WARNING – GRAPHIC IMAGES: Will Fraser-Gray, 20, from Galgate in Lancaster, suffered serious injuries but won’t stop playing the sport he loves – even though one bump to the head could now be ‘catastrophic’
Will Fraser-Gray, from Galgate in Lancaster, was heading home after a night out celebrating a friend’s 21st birthday in Georgia, USA, where he studies, when the car crashed while he wasn’t wearing a seatbelt.
He was left with a major head injury, broken ribs, a fractured neck and punctured lung.
But he won’t stop playing the sport he loves – even though one bump to the head could now be ‘catastrophic’.
The talented 20-year-old had won a scholarship to play at Emmanuel College in Georgia. But the smash threatened to steal his dreams of a professional football career.
He was left hospitalised for months and had to learn how to walk again.
However, after making a miracle recovery in the US and returning home to reunite with family last month, Will has now flown back across the pond to carry on playing the game.
He will need a special helmet to protect his head, which has still not fully healed.
He said: “After the crash, I woke up a week and 10 days later and I remember looking over and seeing my mum and dad and quickly realising it must be bad if they’d had to fly out.
“The doctors had taken half my skull out to relieve the pressure on my brain, I had a fracture and a ruptured ligament in my neck, a punctured lung, broken ribs, a lacerated liver and damaged spleen.
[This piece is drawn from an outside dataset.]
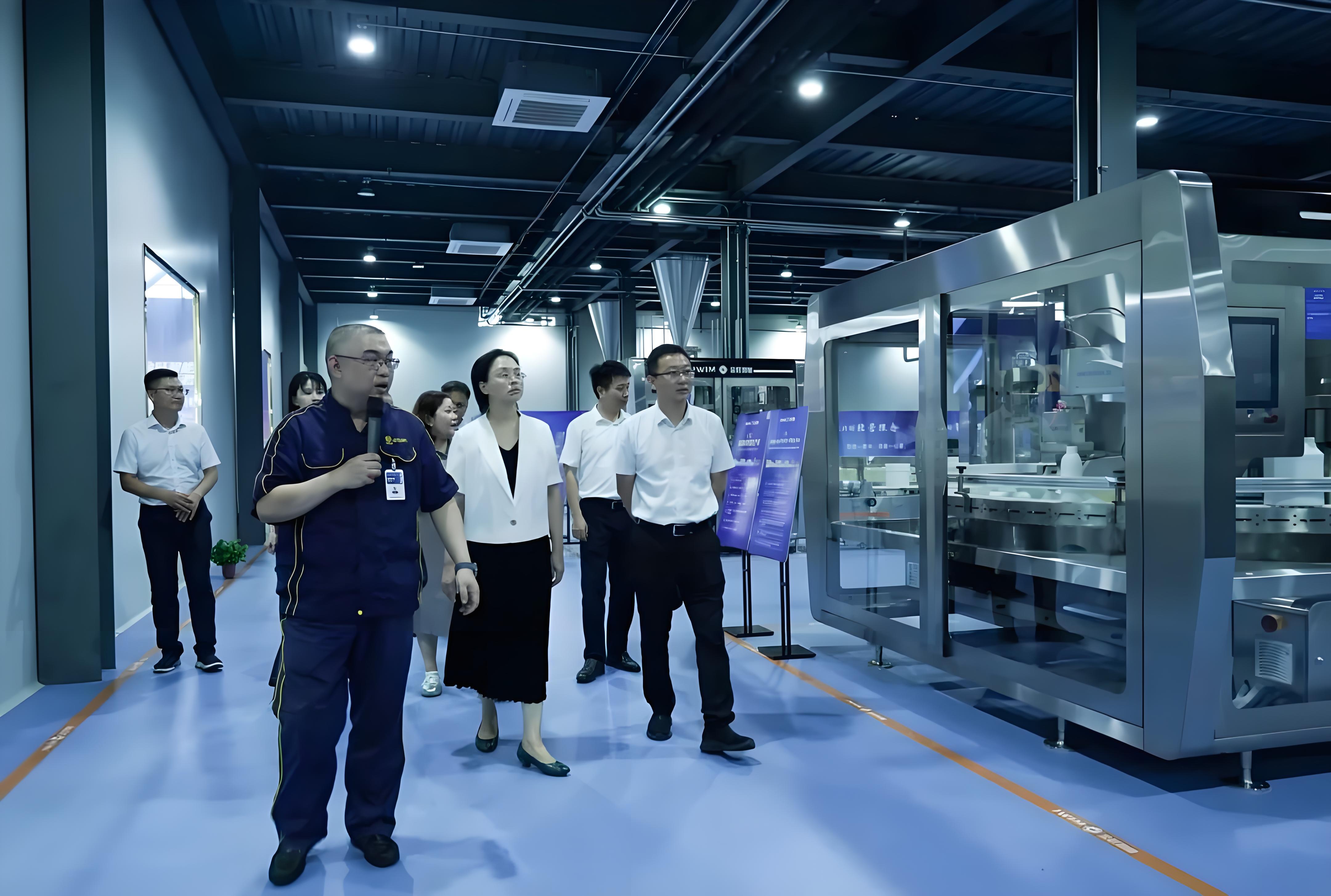 考察團一行在金旺智能副總裁司馬鈴等人的熱情接待下,先后參觀了公司的智能化產品展廳、研發中心及數字化制造車間,詳細了解了金旺智能在農化制劑智能裝備領域的最新創新成果、核心技術優勢以及未來的戰略發展規劃。公司領先的AI灌裝、AI封口測漏、AI碼垛等智能裝備及其在現代化生產線中的實際應用場景,給來賓們留下了深刻印象。

“They told me I’d never be able to play football again without protective head gear, but as soon as I heard I could even play again it motivated me so much.
“Football is pretty much my life, I don’t even entertain the idea that somebody would be able to take that ability away from me.
“I was in a pretty horrific crash, but hearing the doctors say I was going to be able to play again was the best thing in the world.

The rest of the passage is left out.